INFORMATION SHOWN:

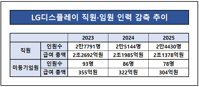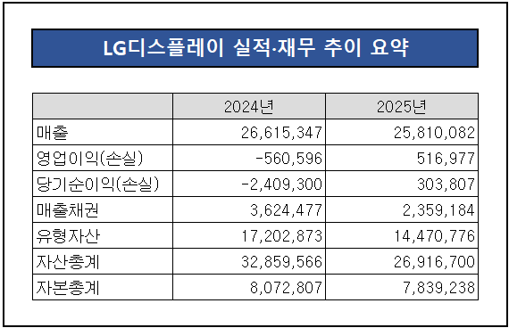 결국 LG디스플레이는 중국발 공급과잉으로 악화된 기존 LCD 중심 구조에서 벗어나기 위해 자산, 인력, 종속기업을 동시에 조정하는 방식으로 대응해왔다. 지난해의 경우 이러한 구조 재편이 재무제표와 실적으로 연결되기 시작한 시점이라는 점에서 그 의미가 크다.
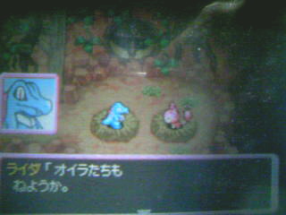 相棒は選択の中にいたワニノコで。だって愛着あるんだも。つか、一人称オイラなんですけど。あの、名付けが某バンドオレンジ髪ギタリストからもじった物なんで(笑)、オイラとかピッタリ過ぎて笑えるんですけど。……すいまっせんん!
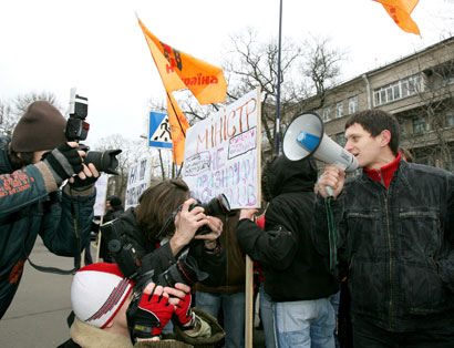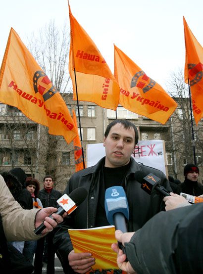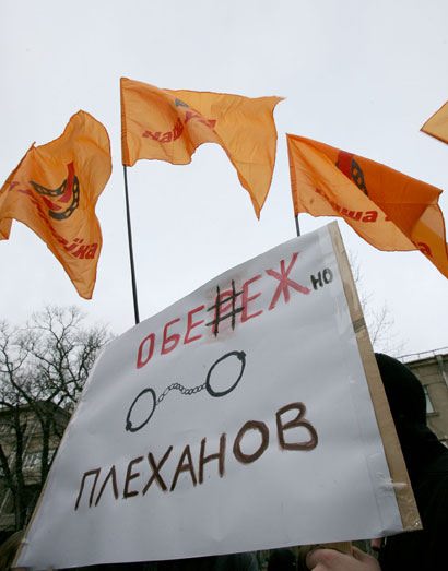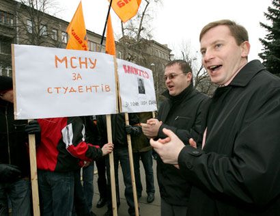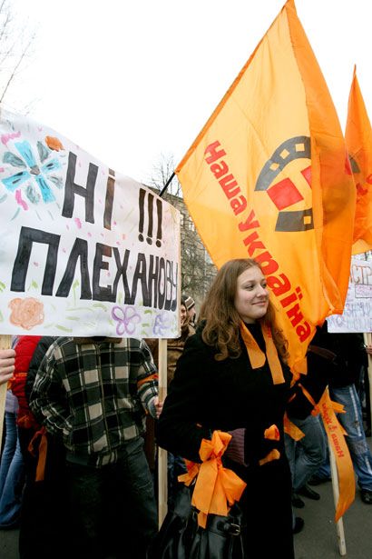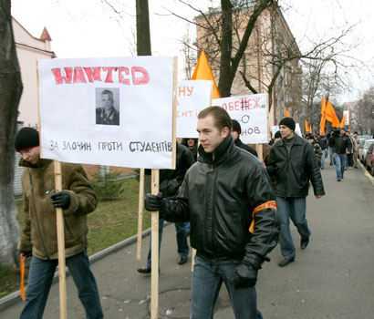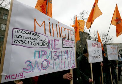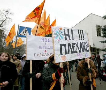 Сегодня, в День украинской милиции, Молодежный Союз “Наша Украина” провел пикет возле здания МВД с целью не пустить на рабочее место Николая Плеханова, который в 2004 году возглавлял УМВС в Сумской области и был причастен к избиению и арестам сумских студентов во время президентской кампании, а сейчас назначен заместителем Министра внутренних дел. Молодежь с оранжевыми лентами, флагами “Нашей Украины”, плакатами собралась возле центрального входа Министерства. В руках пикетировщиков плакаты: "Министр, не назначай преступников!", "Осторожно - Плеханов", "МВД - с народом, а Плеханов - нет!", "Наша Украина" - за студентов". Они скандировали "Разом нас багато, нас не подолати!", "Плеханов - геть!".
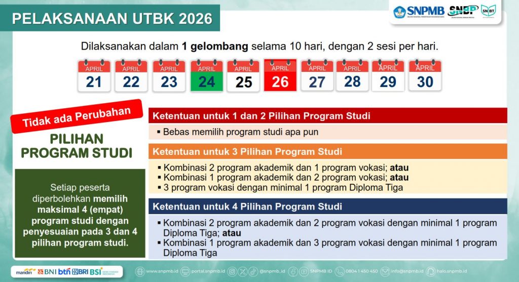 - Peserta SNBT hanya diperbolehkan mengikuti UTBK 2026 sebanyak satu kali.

TASK TO COMPLETE: Your task is to repeat exactly the lines from the beginning of the data to the line that contains "相棒は選択の中にいたワニノコ", both ends included, leaving out pictures.

EXERCISE RESULT:
 결국 LG디스플레이는 중국발 공급과잉으로 악화된 기존 LCD 중심 구조에서 벗어나기 위해 자산, 인력, 종속기업을 동시에 조정하는 방식으로 대응해왔다. 지난해의 경우 이러한 구조 재편이 재무제표와 실적으로 연결되기 시작한 시점이라는 점에서 그 의미가 크다.
 相棒は選択の中にいたワニノコで。だって愛着あるんだも。つか、一人称オイラなんですけど。あの、名付けが某バンドオレンジ髪ギタリストからもじった物なんで(笑)、オイラとかピッタリ過ぎて笑えるんですけど。……すいまっせんん!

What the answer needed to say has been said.